What I DO know is giving up my health and everything else was not working for me. This introduced me to fitness. I would be in the gym every single day and I began to fell in love with the way I felt afterwards. I felt energized..and new... and extremely happy! I started learning more about the human body..and my human body. The human body is by far one of the most interesting things on Earth. The more I learn about the thermoenergetics, and how the body works, and how it breaks down food, and how it changes and transforms I became more and more interested. Not to mention I just love helping people. Working as a personal trainer I get to first hand witness my clients seeing their very own change. It is an amazing feeling to know how grateful they are to work hard and to see themselves getting one step closer to their fitness goals. The changes in their diet and exercise are making them happier.. and less stressed and feeling better. NOW this.. makes me so damn happy. Inspiring them brings an entirely different kind of joy and warmth to my soul. Seriously.
And if you know me at all, you KNOW I don't believe in working a job that you don't love. I absolutely love my job. I am even more grateful that I can say that. After all the original goal was to inspire people anyway. I just want to motivate people to do WHATEVER it is that they want to do.. no matter what! Fitness allows me to do just that. I am changing lives here and I couldn't ask for anything more.
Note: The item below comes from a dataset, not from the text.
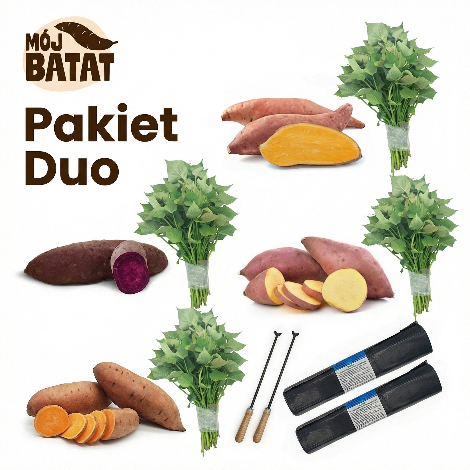 Bo dobre rzeczy są lepsze we dwoje. Polecamy go tym, którzy już wiedzą, co lubią – i chcą tego więcej. W Pakiecie dla Dwojga otrzymujesz po 4 sadzonki wybranych odmian batata, uzupełnione o 2 znaczniki do sadzenia i 2 folie ściółkujące. Idealny wybór dla ogrodników działających w parze, do większych grządek lub po prostu wtedy, gdy naprawdę poważnie podchodzisz do przygotowań na sezon. I tak: dostarczamy go do Ciebie bezpłatną wysyłką. ✅

I wouldn't change my job for the world. In a sense I should be thanking fashion. It has introduced me to fitness and now I am in love.
So here I am. And I must admit I have never been so nervous and anxious to share with the world how I feel. For a while.. I was feeling like a failure. Like damn, I haven't been doing fashion in a while. I've been missing fashion week after fashion week. But things are changing. My life is changing and for the first time in my ENTIRE life .. I can say that I am truly happy.
There you have it. Fitness modeling is my NEXT goal. And since I've been into fitness I have never felt more confident, strong, and powerful in my entire time. Every day I am discovering new things about myself.. about my mind, my body, and my soul. I feel elevated. Rebirthed, if you will. I can feel myself growing into something greater. Everyday.. I just fall more and more in love with who I am becoming.
As for Paris, I WILL BE BACK. and I will see the Eiffel Tower.
Thank you for all of your support. I appreciate it all. I love y'all.